一个办法是采用可以过滤重复数据的基础设施。例如,在故障转移方案中,Apache ActiveMQ 可以在生产者向代理发送消息时过滤掉重复项,然后由于某种原因最终故障转移到其他代理; 这些代理的索引可以跟踪和识别重复项并将其丢弃。

Yet another option is to track unique identifiers in the messages you receive in your services and reject those that have been processed successfully. Storing this information in a LRU cache helps you quickly diagnose whether you’ve seen a message and either return a canned response, the original response, or ignore it. Apache Camel makes it really easy to build services that use this idempotent-consumer pattern.

另一个办法是跟踪消息中的唯一识别标记,当接收到的消息中包含已经成功处理的标记,就拒绝处理消息。将标记信息存储在 LRU 缓存中可以帮助诊断你是否看到过此消息,并返回预设响应,原始相依,或者忽略。Apache Camel 使得构建幂等消费者模式变得非常容易。

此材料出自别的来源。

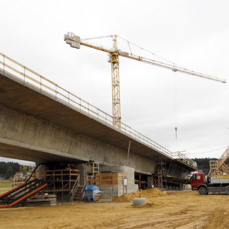 Most u Třemošné je vybudován technologií betonování na takzvaném taktovacím stole a poté kompletně vysunut do finálního postavení.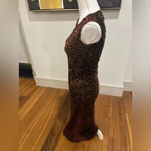 Jean Paul Gaultier brown and black leopard print dress, mesh, but this is fully lined and not see-through, the leopard detail is almost raised with a very, very slight metallic sheen to it, excellent condition, size medium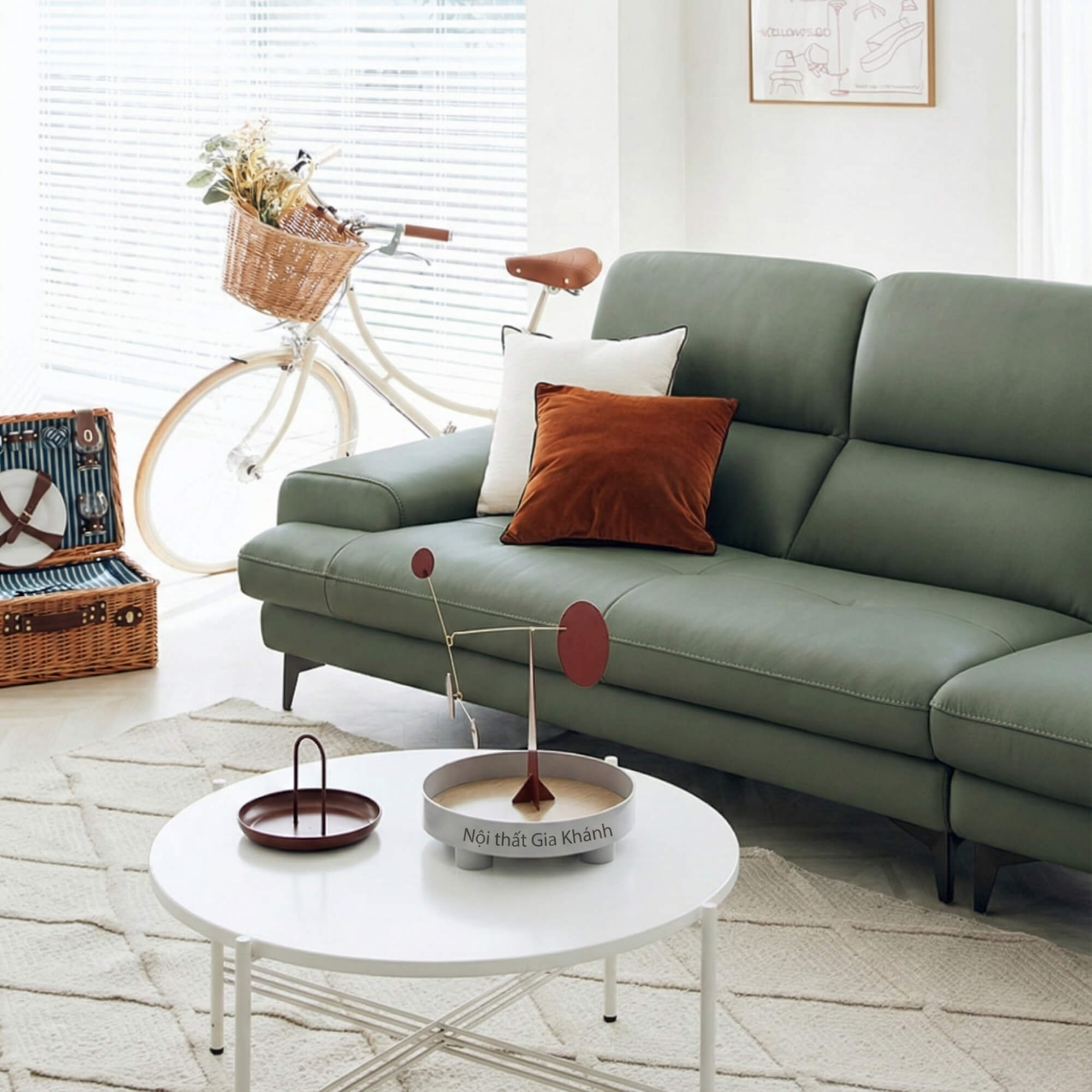 Điểm nổi bật đầu tiên của sofa FAIRCOME chính là chất liệu sofa da cao cấp được Nội thất Gia Khánh tuyển chọn kỹ lưỡng. Mỗi tấm da được kiểm tra nghiêm ngặt về độ bền, độ mềm mại và khả năng chống trầy xước. Bề mặt da mịn màng, đường may tinh tế, hoàn thiện gọn gàng – tất cả tạo nên vẻ đẹp sang trọng và hiện đại cho không gian sống.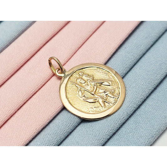 18K Yellow Gold Round Saint Christopher Charm Pendant

wangpin34 commented 6 years ago

作者举出了例子来佐证自己的观点,但是很显然,这些例子并不具有普适性 - 有些人会很容易理解,其他人却不能。而同时,作者并没有明显的标注出核心观点。所以,小总结一下:

  1. 承诺和后备方案 微服务的协作必须基于彼此的承诺:提供什么功能。现实世界各种意外频发,网络断线,磁盘空间不足,文件读写权限不够,等等,造成承诺无法兑现。这就需要后备计划:当请求的功能无法被响应/成功时,我们应该做些什么。
  2. 承诺解耦 很多时候,你并不需要关心一个微服务的一切。当你只是依赖它所提供的数据一部分时,保证你只是解析并验证这一部分,而不是全部。
  3. 幂等性 服务可能会交换重复信息,可以从两个方向解决问题:
  4. 幂等消息。不交换增量而是交换最终结果信息。
  5. 过滤重复消息。Apache ActiveMQ,Apache Camel。